When we use the query statement "SELECT * from table where gender= ' man ' and marital=" unmarried "?" The first time to remove the male vector 10100 ..., and then take out the unmarried vector 00100 ..., the two vector to do and operation, then generate a new vector 00100 ..., you can find that the third bit is 1, that the table's third row of data is the result we need to query.

RowId 1 2 3 4 5

Male 1 0 1 0 0

and unmarried 0 0 1 0 1

Results 0 0 1 0 0

3. Applicable conditions for bitmap indexing

As stated above, the bitmap index is suitable for columns with only a few fixed values, such as gender, marital status, administrative district, etc., and the identity card type is not suitable for bitmap indexing.

In addition, bitmap indexes are suitable for static data, not for columns that are frequently updated by indexes.

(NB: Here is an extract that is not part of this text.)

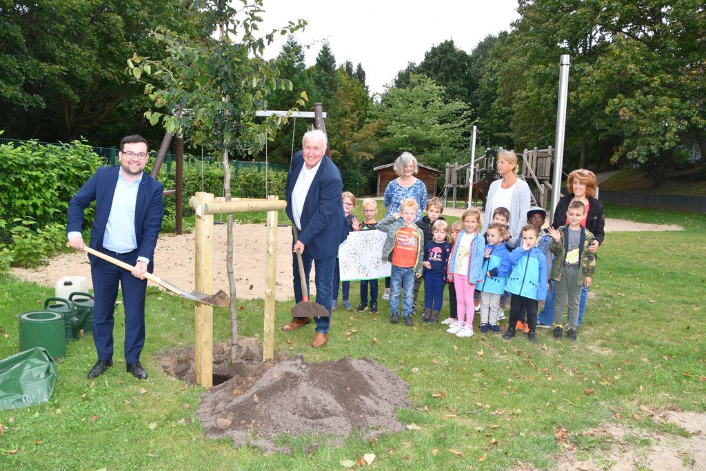 Und so pflanzten Dimitrios Axourgos und Hans-Georg Winkler im schönen Garten der Kita Tausendfüßler einen Eisenholzbaum. Die Kinder beobachteten ganz genau, was die Herren in ihrem Garten so machten. Der Bürgermeister und sein ehemaliger Stellvertreter beantworteten dabei souverän, aber humorvoll die vielen Fragen der Kinder. Später stellten zwei Mitarbeiter des Baubetriebshofes die Umgebung und Wasserversorgung der Bäume fertig.

For example, there is a field busy, recording the busy of each machine or not, when the machine is busy, busy is 1, when the machine is not busy, busy is 0. This time someone would say to use a bitmap index because busy has only two values. OK, we use the bitmap index to index the busy field! Suppose user A updates the busy value of a machine with update, such as the Update table set Table.busy=1 where rowid=100?, but there is no commit, and User B updates the busy value of the other machine with update, Update table set Table.busy=1 where rowid=12? This time User B can not update, need to wait for user a commit. Cause: User A updated the busy value of a machine to 1, causing all the busy of the machine's bitmap vectors to change, so that the database locks all the rows of the Busy=1 and is unlocked only after a commit.

Data Source:

Http://www.360doc.com/content/14/0508/15/11965070_375805586.shtml

Https://en.wikipedia.org/wiki/Bitmap_index

Http://baike.baidu.com/link?url=V3bMusSRzP6u-1bBHYDX1WeYs2OAmE9v9KKwmVAwRt_Huk7Ky2QmqXgDbdN5oaZtZgh6rPk740r8r8QN6Jdm6_

Database index-Bitmap index

Contact Us

The content source of this page is from Internet, which doesn't represent Alibaba Cloud's opinion; products and services mentioned on that page don't have any relationship with Alibaba Cloud. If the content of the page makes you feel confusing, please write us an email, we will handle the problem within 5 days after receiving your email.

If you find any instances of plagiarism from the community, please send an email to: info-contact@alibabacloud.com and provide relevant evidence. A staff member will contact you within 5 working days.

A Free Trial That Lets You Build Big!

Start building with 50+ products and up to 12 months usage for Elastic Compute Service

  • Sales Support

    1 on 1 presale consultation

  • After-Sales Support

    24/7 Technical Support 6 Free Tickets per Quarter Faster Response

  • Alibaba Cloud offers highly flexible support services tailored to meet your exact needs.